Dozens of extremists, some armed, gather in front of the electoral authority in Phoenix to demand to “count the votes” while others ask to stop the count in Detroit
After more than 24 hours of counting the votes in the United States elections, the tension due to the lack of results began this Wednesday night to manifest itself in the streets of the country. In some places, that nervousness took the form of new protests against Donald Trump, who declared himself the winner of the elections. In others, like Phoenix, staunch Trump supporters demonstrated in front of the county election authority to demand a recount “to the last vote.” The anxiety of a country that still does not know the result of the most momentous elections of this generation was visible.
The Phoenix protest had been called through characters from the conspiratorial environment of social networks. Around eight in the afternoon (local time), some 200 people gathered in the center of the city with all kinds of Trump paraphernalia to ask for their votes to be counted. Inside the building, workers did exactly that, counting votes.
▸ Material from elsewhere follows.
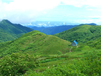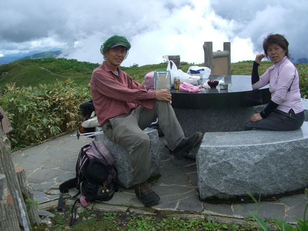 車中や登り始めを除けば雨に遭わなかっ。それどころか青空まで覗いた。「山頂を踏んだだけではちょっと寂しいのではない?」 と浮島ままで足を伸ばしたのであるが、それからまた戻って、小白木峰まではちょっと遠い気がするし、それではと前白木峰へと妥協のような感じで足を進めた。ススダケに気が向きはじめ、仕舞いには、山頂に着かない内に、リックがいっぱいになってしまった。そこでストップであった。

The Arizona scrutiny is one of the five that keep the country in suspense (Georgia, North Carolina, Nevada and Pennsylvania are the others), because at any moment a victory for Joe Biden can be certified there that ends the uncertainty.
“We will be here not only until the election is over, but also afterwards,” proclaimed one of the leaders of the rally with a megaphone. “We are going to make your voice heard.” The general idea of the demonstration was that something strange is happening in the process and they demanded the assurance that the votes are counted. The initial advantage of Donald Trump has been disappearing with the passing of the hours and the counting of the votes by mail and that seems to have triggered the feeling of fraud among his most staunch followers. Trump has been launching unfounded accusations of fraud for months on a vote that all projections pointed to favor the Democrats and would take time to be added to the final count.
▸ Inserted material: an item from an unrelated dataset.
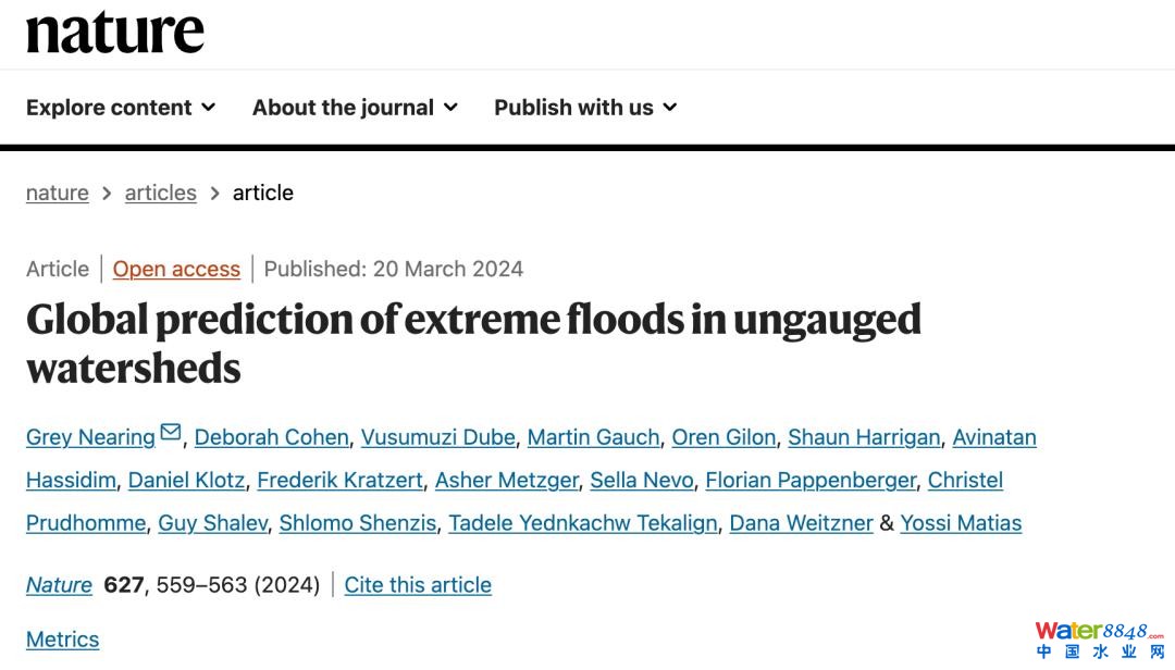 相關研究論文以“Global prediction of extreme floods in ungauged watersheds”為題,已發(fā)表在權威科學期刊 Nature 上。

“I think a lot of the Arizona votes are fake,” said a young woman who identified herself as Kayleigh. “They have not counted votes since eight in the afternoon.” While the rest of the world waited more or less patiently for the Maricopa County data update, she had come to that conclusion. Beside him, a young man who identified himself as Rich said that “in Wisconsin there are 3.2 million registered voters and they have 3.3 million votes. There are 100,000 more votes than people, it doesn’t make sense ”. Rich repeated as true a viral conspiracy theory denied hours ago. “The same has happened in four or five states,” Rich insisted.
“I just want a clean election. If Trump loses, we buy it and wait four years. But it has to be 100% okay. ” Rich couldn’t say what kind of evidence he needed to see to convince himself that the count is being done well, that it is simply slow because millions more people have voted than usual, and that no local authority in the United States wants to give the slightest margin to it. error. “It’s just that Arizona is very rare to become a Democrat,” summarized Rich.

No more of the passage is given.